Literature DB >> 9311835

trans-Dominant and non-trans-dominant mutant simian virus 40 large T antigens show distinct responses to ATP.

A M Castellino1, P Cantalupo, I M Marks, J V Vartikar, K W Peden, J M Pipas.   

Abstract

Simian virus 40 (SV40) DNA replication requires the coordinated action of multiple biochemical activities intrinsic to the virus-encoded large tumor antigen (T antigen). We report the preliminary biochemical characterization of the T antigens encoded by three SV40 mutants, 5030, 5031, and 5061, each of which have altered residues within or near the ATP binding pocket. All three mutants are defective for viral DNA replication in cultured cell lines. However, while 5030 and 5031 can be complemented in vivo by providing a wild-type T antigen in trans, 5061 exhibits a strong trans-dominant-negative phenotype. In order to determine the basis for their replication defects and to explore the mechanisms of trans dominance, we purified the T antigens encoded by each of these mutants and examined their activities in vitro.
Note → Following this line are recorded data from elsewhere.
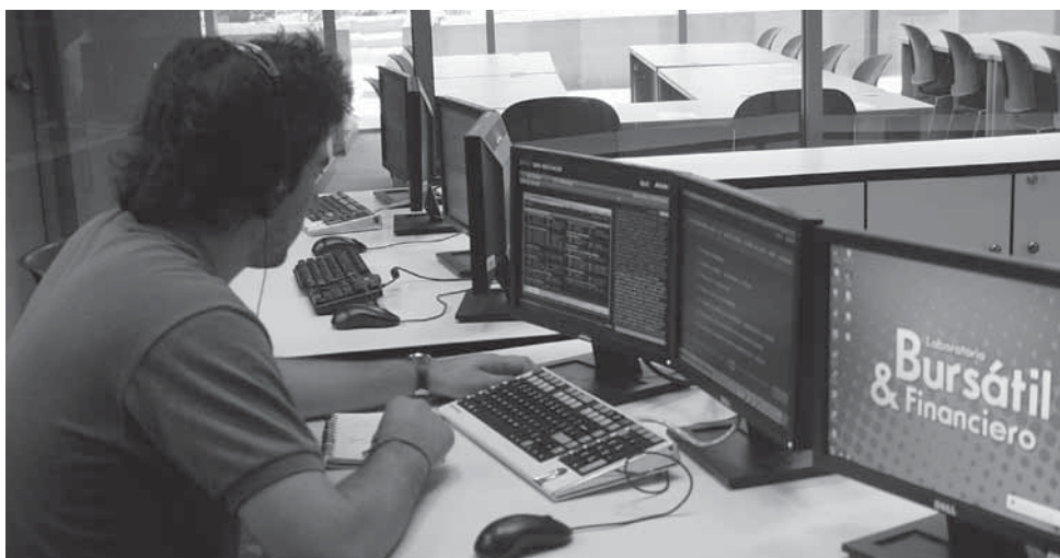
>El Laboratorio Bursátil y Financiero, es un elemento importante para el área de finanzas.

En próximas ediciones se publicarán los mejores promedios del resto de las Escuelas
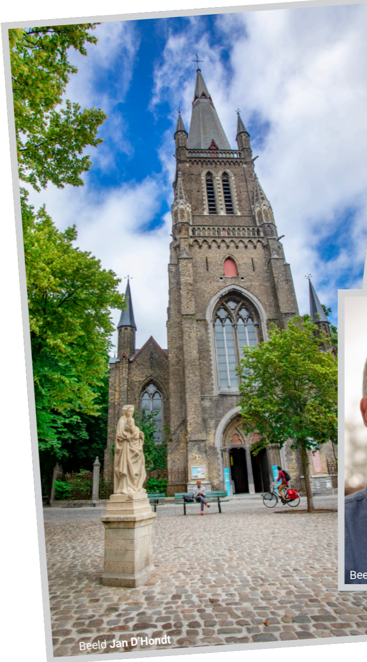
Beeld Jan D'Hondt
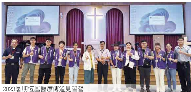
2023暑期恆基醫療傳道見習營
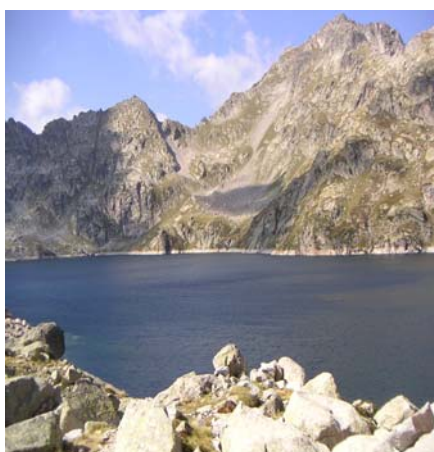
Lac de Migouélou
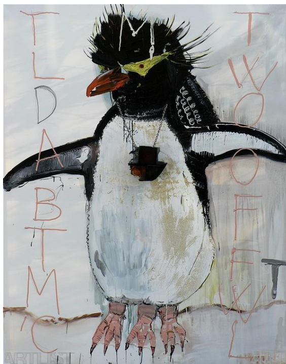
Příloha 4: Václav Gírsa, Rockhopper, 2007
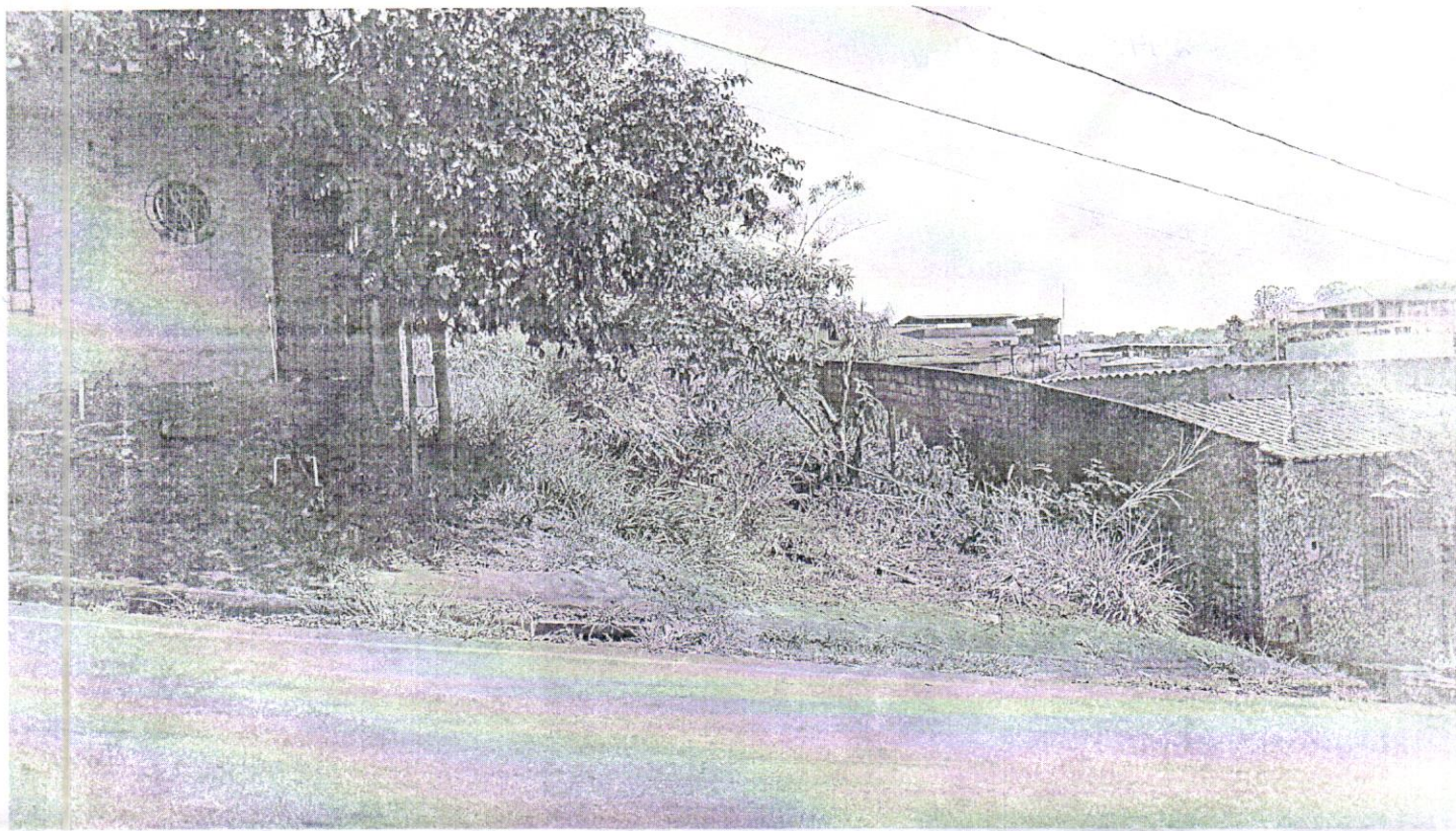
Rua Matheus Eduardo Gomes, proximidades do nº 118 – Leopoldino Barbosa

Casa do Legislativo Vereador Ênio da Gama
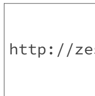
FIGURE 3. – Comparaison entre deux séquences. En bleu, les bases en commun.

Mais qu'est-ce que la distance entre deux espèces ? Prenons deux séquences d'ADN :

The 5061 T antigen had no measurable ATPase activity and failed to hexamerize in response to ATP, and its affinity for the SV40 origin of DNA replication (ori) DNA was not increased by ATP. In contrast, the 5030 and 5031 T antigens exhibited at least some ATPase activity and both readily formed hexamers in the presence of ATP. These mutants differed in that 5030 was very defective in an ori-dependent unwinding assay while 5031 retained significant activity. Both the 5030 and 5031 T antigens bound to ori-containing DNA, but the binding was less efficient than that of wild-type T antigen and was not affected by the presence of ATP. These results suggest that 5030 and 5031 are defective in some aspect of communication between the ATP binding and DNA binding domains and that the ability of ATP to induce T-antigen hexamerization is distinct from its action to increase the affinity for ori. Finally, all three mutants were defective for the ability to support SV40 DNA replication in vitro. Both the 5031 and 5061 T antigens inhibited wild-type-T-antigen-stimulated replication in vitro, while the 5030 T antigen did not. The fact that the 5031 T antigen was trans dominant in the in vitro assays but not in vivo indicates that the in vitro system does not accurately reflect events occurring in vivo.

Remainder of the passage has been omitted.